微血管侵犯(MVI)对肝细胞癌(HCC)的预后有显著影响,但其术前识别具有挑战性。从医学图像(如磁共振(MR)图像)中提取的放射组学特征可用于预测MVI。在本研究中,我们探讨了不同成像序列、特征提取和选择方法以及分类器对HCC MVI预测模型性能的影响。
根据纳入标准进行筛选后,纳入69例HCC患者及术前钆塞酸增强MR图像。为每位患者从每个序列的MR图像中总共提取167个特征。设计实验以研究成像序列、灰度级数()、量化算法、特征选择方法和分类器对放射组学生物标志物预测HCC MVI性能的影响。我们使用留一法交叉验证(LOOCV)对这些模型进行训练和测试。

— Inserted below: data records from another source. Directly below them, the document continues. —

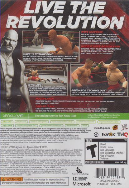 THQ's flagship WWE game franchise returns to provide the most authentic, seamless and passionate experience to date - All while turning up the attitude. WWE '13 will transform WWE gameplay through the introduction of WWE Live, completely changing the way players embrace the videogame's audio and presentation elements. Predator Technology returns to further implement critical gameplay improvements, while fan favorites in WWE Universe Mode and the franchise's renowned Creation Suite are poised to offer the utmost in player freedom. Furthermore, WWE '13 will introduce a groundbreaking, single-player campaign based on the highly influential Attitude Era. Complete with a robust roster - the largest to date in the franchise - Along with a host of additional features, WWE '13 is ready to live a revolution all its own.
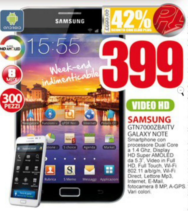 Un bel Samsung Galaxy Note a 399 euro non è male..
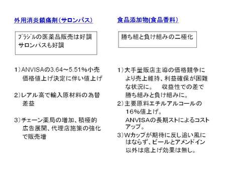 為替については現在対ドル2.2ぐらいなんですけど、政府としてはこの辺の数字というのは比較的そのまあ居心地の良い数字なのかなと。まあやはりインフレ が低く抑えられるというメリットがあります。好調な輸出や、ブラジル国内国債市場の非居住者への開放ということがあり、まあかなり外貨が流入しておるとい うことでですね、まあマーケットでは引き続きドルの余剰感というのは強うございまして、引き続き若干レアル高傾向かなと思ってます。
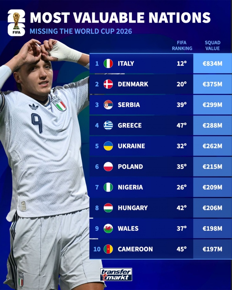 无缘世界杯国家队身价排名:意大利8.34亿居首,丹麦第二

基于肝胆期(HBP)图像的放射组学模型比基于动脉期(AP)、门静脉期(PVP)和增强前T1加权图像的模型具有更好的预测性能[受试者操作特征(ROC)曲线下面积(AUC)=0.792 0.641/0.634/0.620,P分别=0.041/0.021/0.010]。与等概率算法和Lloyd-Max算法相比,使用均匀量化算法获得的放射组学特征具有更好的性能(AUC =0.643/0.666 0.792,P分别=0.002/0.003)。在8、16、32、64和128这些值中,当为64时实现了最佳预测性能(AUC =0.792 0.584/0.697/0.677/0.734,P<0.001/P=0.039/0.001/0.137,分别)。我们使用了一种两阶段特征选择方法,该方法结合了最小绝对收缩和选择算子(LASSO)以及递归特征消除(RFE)梯度提升决策树(GBDT),其稳定性优于LASSO、最小冗余最大相关性(mRMR)和支持向量机(SVM)-RFE,且表现更优(稳定性分别=0.967 0.837/0.623/0.390;AUC =0.850 0.792/0.713/0.699,P分别=0.142/0.007/0.003)。与逻辑回归(LR)、SVM和随机森林(RF)分类器相比,基于HBP图像放射组学特征使用GBDT分类器的模型在术前预测MVI方面表现更好(AUC =0.895 0.850/0.834/0.884,P分别=0.558/0.229/0.058)。通过这些因素的最佳组合,我们建立了最佳模型,其AUC为0.895,准确率为87.0%,特异性为82.5%,敏感性为93.1%。
成像序列、特征提取和选择方法以及分类器对HCC MVI放射组学模型的预测性能可能有相当大的影响。